--- Material shown Enclosed Below ---
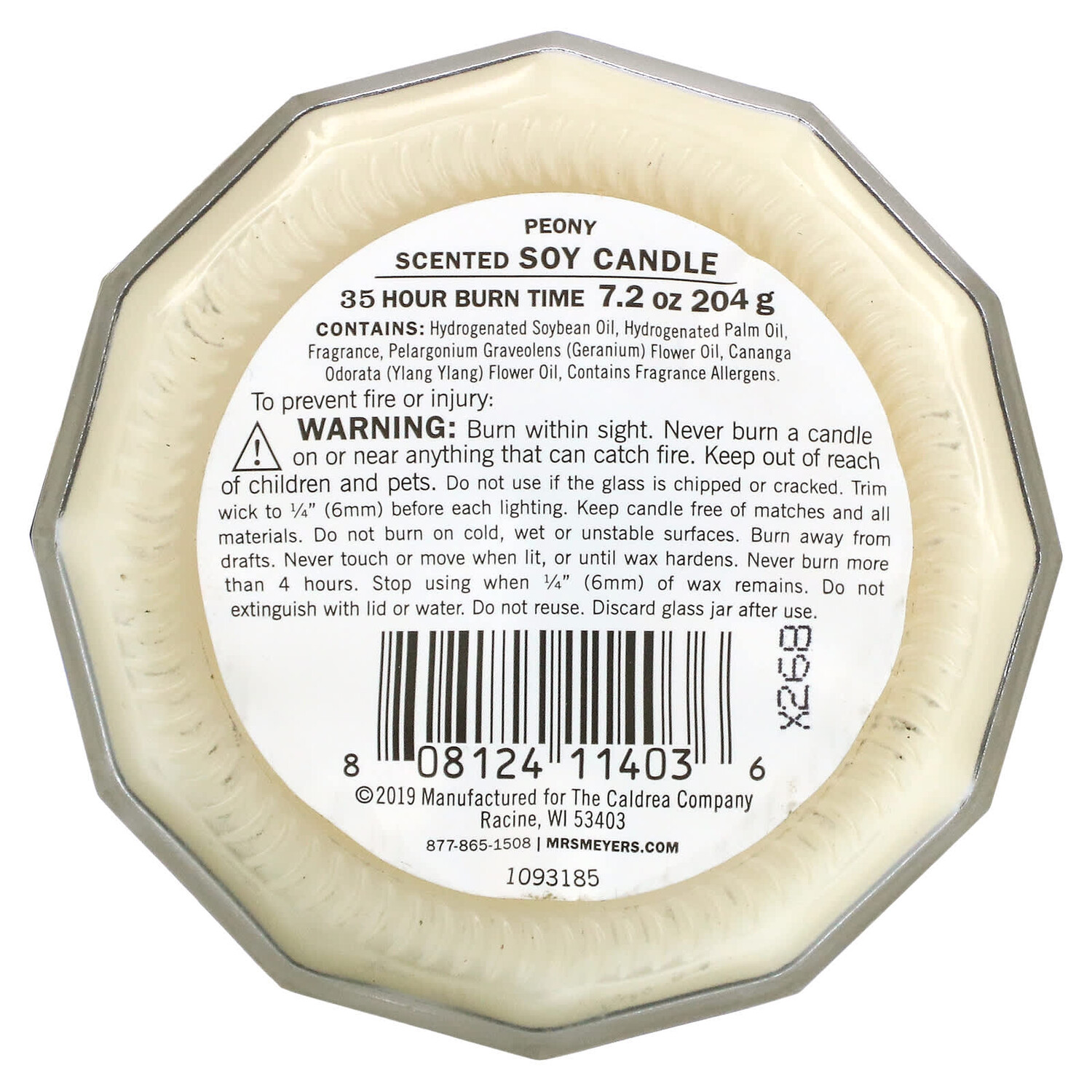Пионовая Свеча Mrs. Meyers Clean Day, 204 г
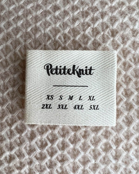 Woven label with text "Made By Someone Who Loves Me. With Help From PetiteKnit". For your knitted gifts.
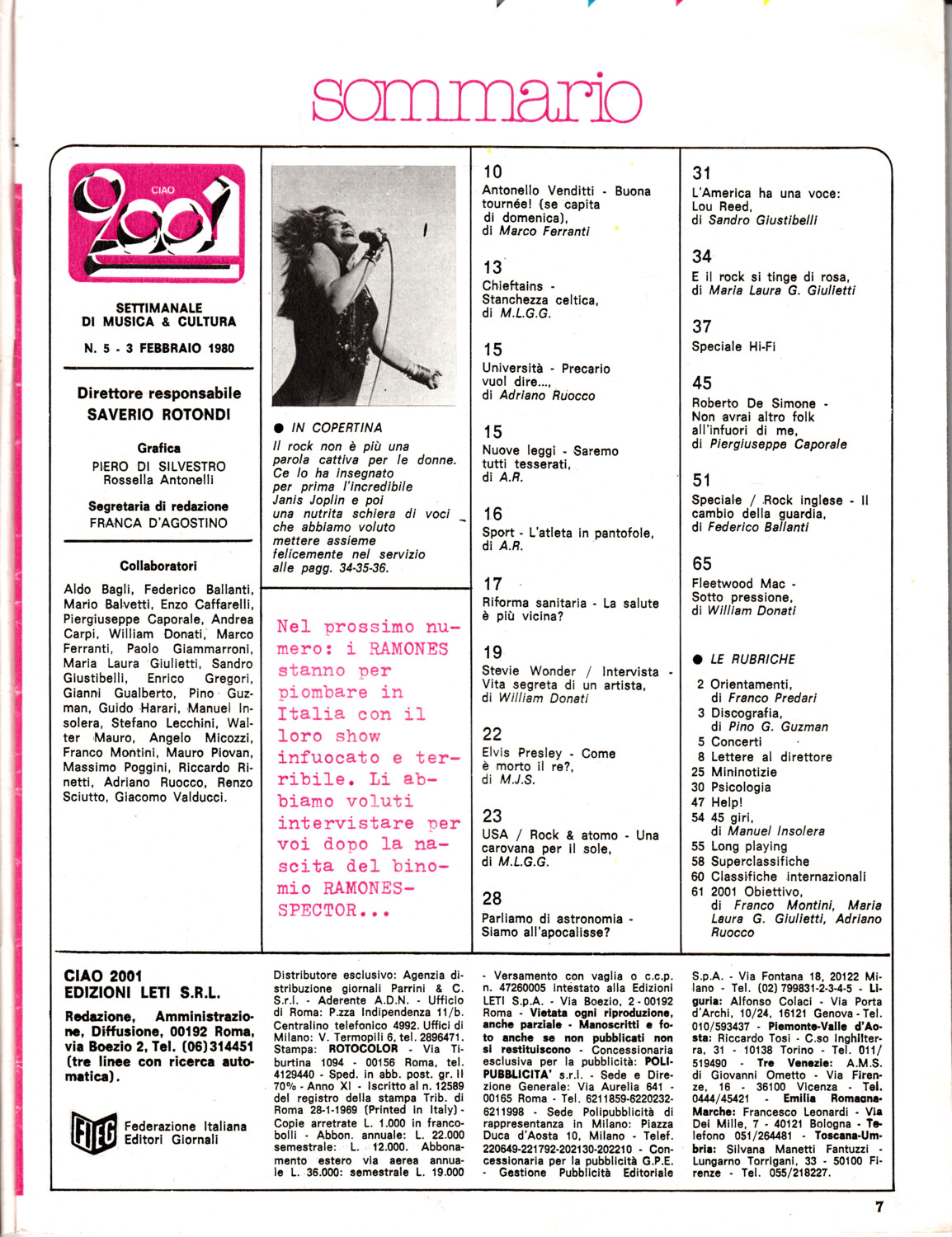 | Titolo: | Rivista Ciao 2001 n. 5 del 3 Febbraio 1980 – In copertina Janis Joplin |
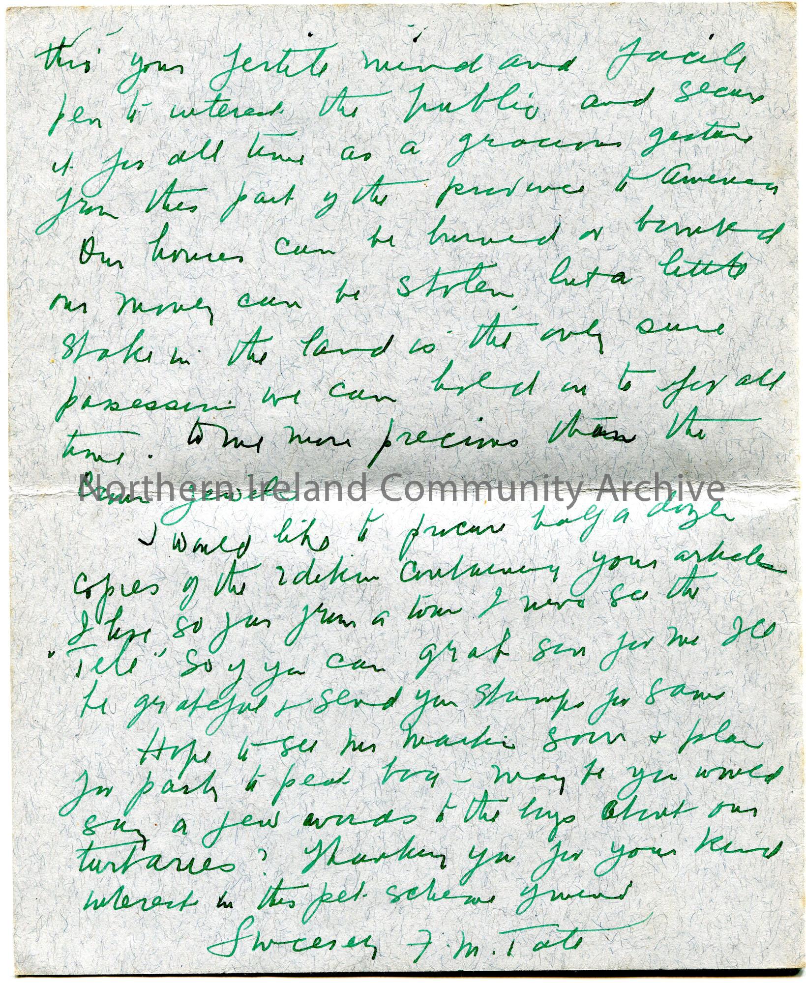 Handwritten letter (folded and written in green ink on 4 sides) to Sam Henry. Writing re the purchase of Coney Island and holds it in high regard. Thinks a Mr Kessan, Major, who lives in New York and has Ulster Scots origins would be suitable to be associated with the handing over of the island to the U.S.A.
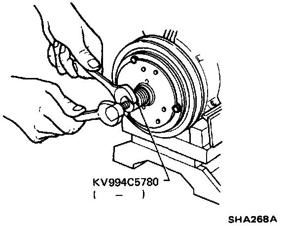 ^ When removing shaft nut, hold clutch hub with Tool KV99412302.
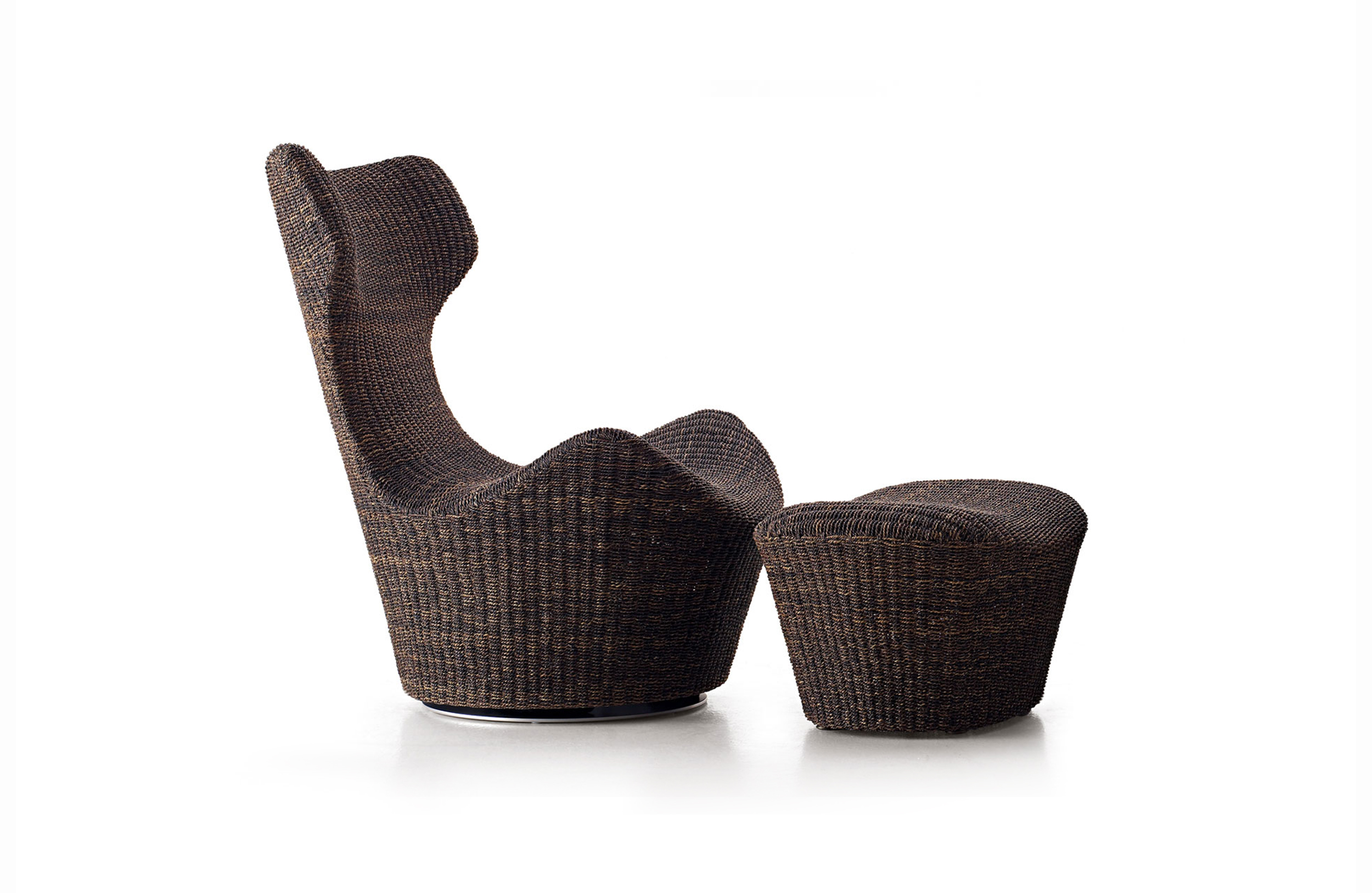 看似由單一材質一體成形的大型雕塑物件,Grande Papilio 流線形的設計從倒置的錐形體中雕塑而來。由下而上漸寬的椅背空間,提供了極致的舒適放鬆體驗。Grande Papilio 旋轉 360° 的底座系統能自由自在的環視空間中恣意流動的美好。強烈雕塑個性特質的 Papilio 系列家具也持續的擴大當中,不同大小和用途的 Papilio 家族:Papilio、Piccola Papilio、Grande Papilio、Love Papilio、Mini Papilio、Papilio Ottoman 提供了多元而完整的舒適空間。
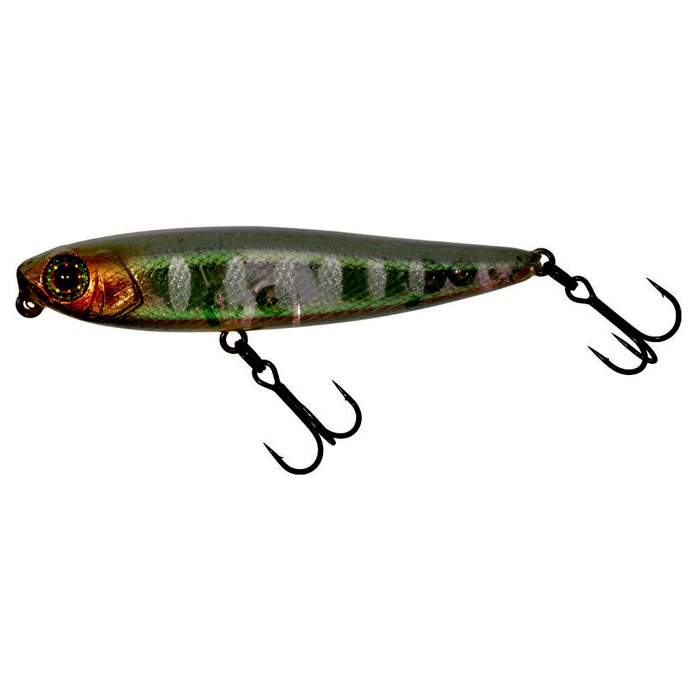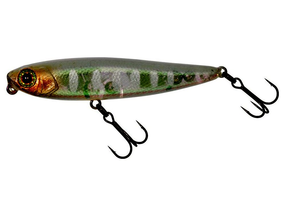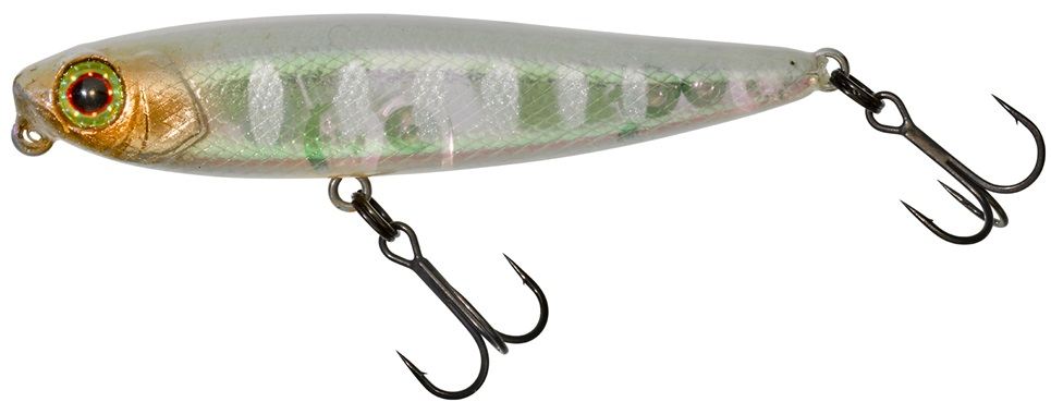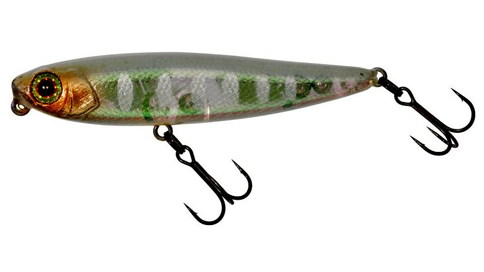 Karcsú vízfelszíni wobbler, kifejezetten süllő, jász, balin és csuka horgászatára. Aktívan működik minden tekerési sebességnél, minden típusú vízen. Horgászat vele nagyon szórakoztató. hossz 5,5 cm súly 3,1 g, vízfelszíni csali.
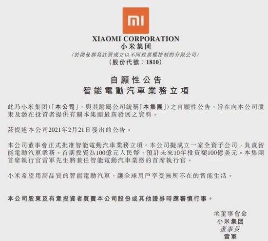 2021年3月30日,小米集团公告,公司拟成立一家全资子公司,负责智能电动汽车业务。首期投资为100亿元人民币,预计未来10年投资额100亿美元。本集团首席执行官雷军将兼任智能电动汽车业务的首席执行官。
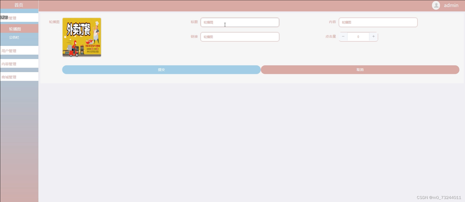 校园订餐系统系统主要功能模块包括站点管理(公告栏、轮播图)用户管理(管理员、普通用户)、内容模块(餐厅资讯、资讯分类列表)、商城管理(菜单列表、分类列表、订单列表),采取面对对象的开发模式进行软件的开发和硬体的架设,能很好的满足实际使用的需求,完善了对应的软体架设以及程序编码的工作,采取MySQL作为后台数据的主要存储单元,采用SSM框架、Java技术、Ajax技术进行业务系统的编码及其开发,实现了本系统的全部功能。本次报告,首先分析了研究的背景、作用、意义,为研究工作的合理性打下了基础。针对校园订餐系统系统的各项需求以及技术问题进行分析,证明了系统的必要性和技术可行性,然后对设计系统需要使用的技术软件以及设计思想做了基本的介绍,最后来实现校园订餐系统系统和部署运行使用它。
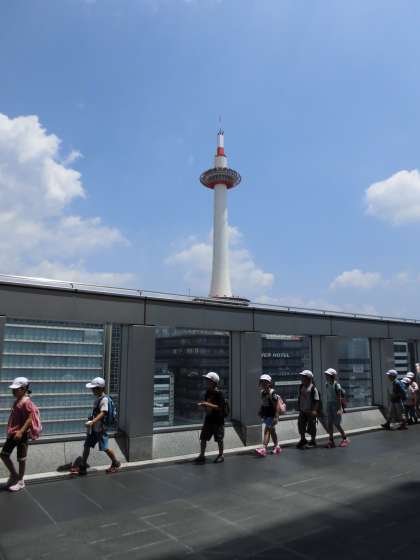 また,大階段を上までのぼり,京都駅の北側や南側の景色を見ました。南側には桃山城も見え,「こんなところまで見えるんだ!」と大喜びの様子でした。
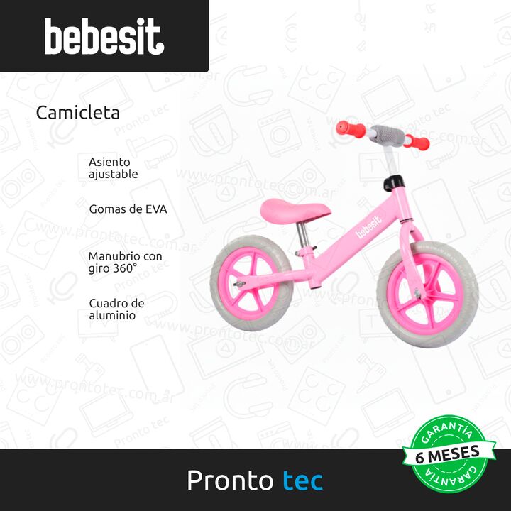 La camicleta Bebesit es el primer paso ideal para que los niños aprendan a andar en bicicleta de forma segura y divertida. Su estructura liviana y resistente favorece el equilibrio y la coordinación, preparando a los pequeños para pedalear sin ruedas de apoyo. Cuenta con ruedas de EVA antideslizante...
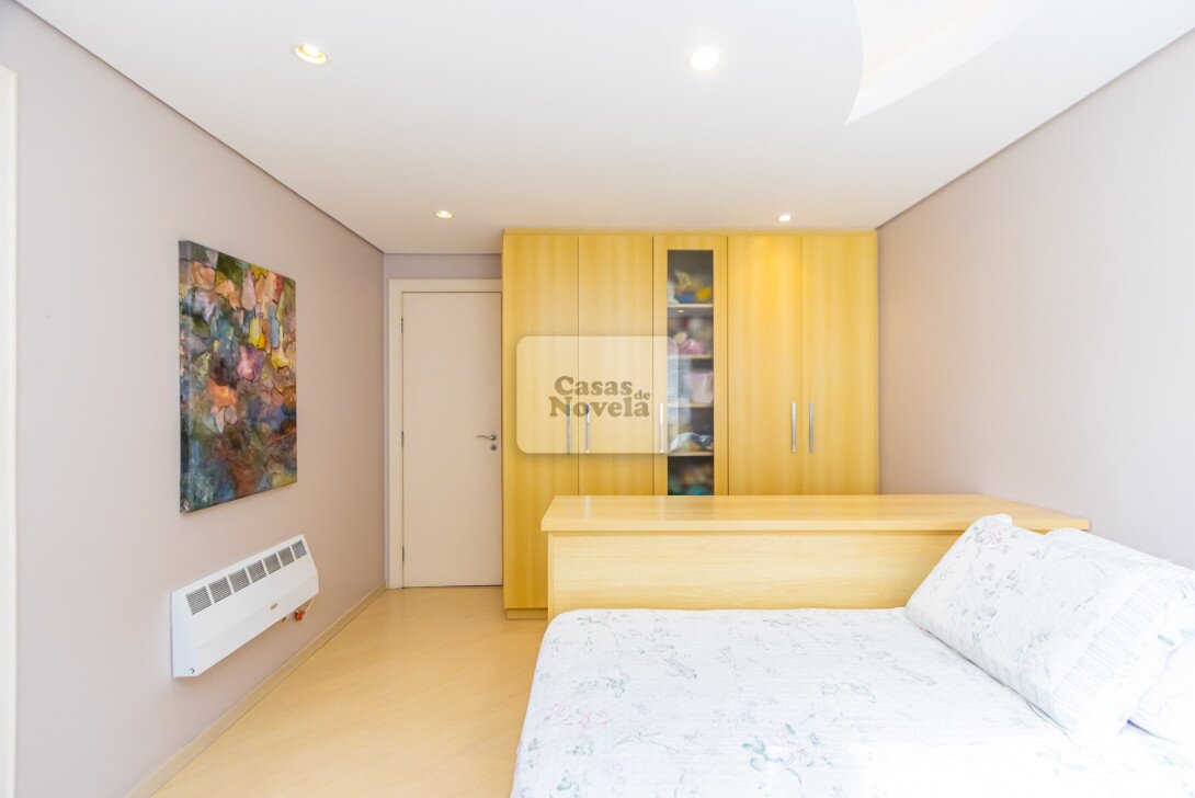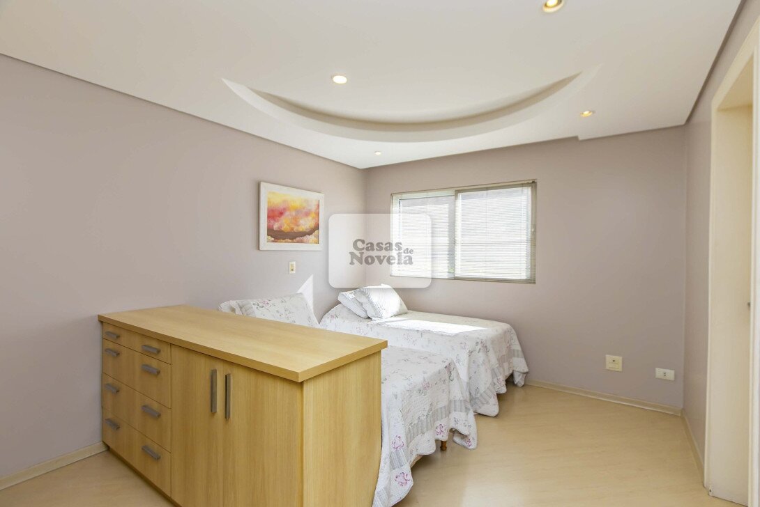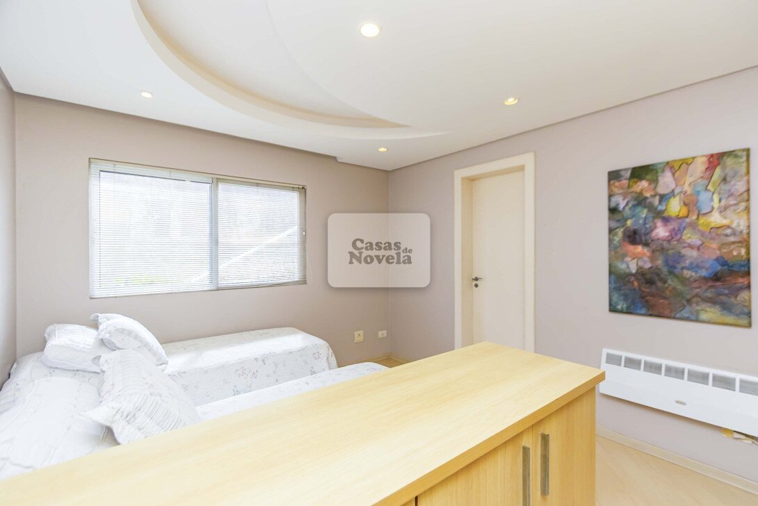 Pavimento superior: Com 4 dormitórios, sendo 2 suítes e 2 demi-suítes, cada espaço foi pensado para oferecer conforto absoluto e privacidade. A suíte máster, com lareira privativa, é um verdadeiro refúgio de paz.
--- End of Enclosed Material shown ---
To do
Reproduce only the lines from the first line of the listing above up to and including the line that holds "with Tool KV99412302.". Omit the pictures.

Solution to the exercise
Пионовая Свеча Mrs. Meyers Clean Day, 204 г
 Woven label with text "Made By Someone Who Loves Me. With Help From PetiteKnit". For your knitted gifts.
 | Titolo: | Rivista Ciao 2001 n. 5 del 3 Febbraio 1980 – In copertina Janis Joplin |
 Handwritten letter (folded and written in green ink on 4 sides) to Sam Henry. Writing re the purchase of Coney Island and holds it in high regard. Thinks a Mr Kessan, Major, who lives in New York and has Ulster Scots origins would be suitable to be associated with the handing over of the island to the U.S.A.
 ^ When removing shaft nut, hold clutch hub with Tool KV99412302.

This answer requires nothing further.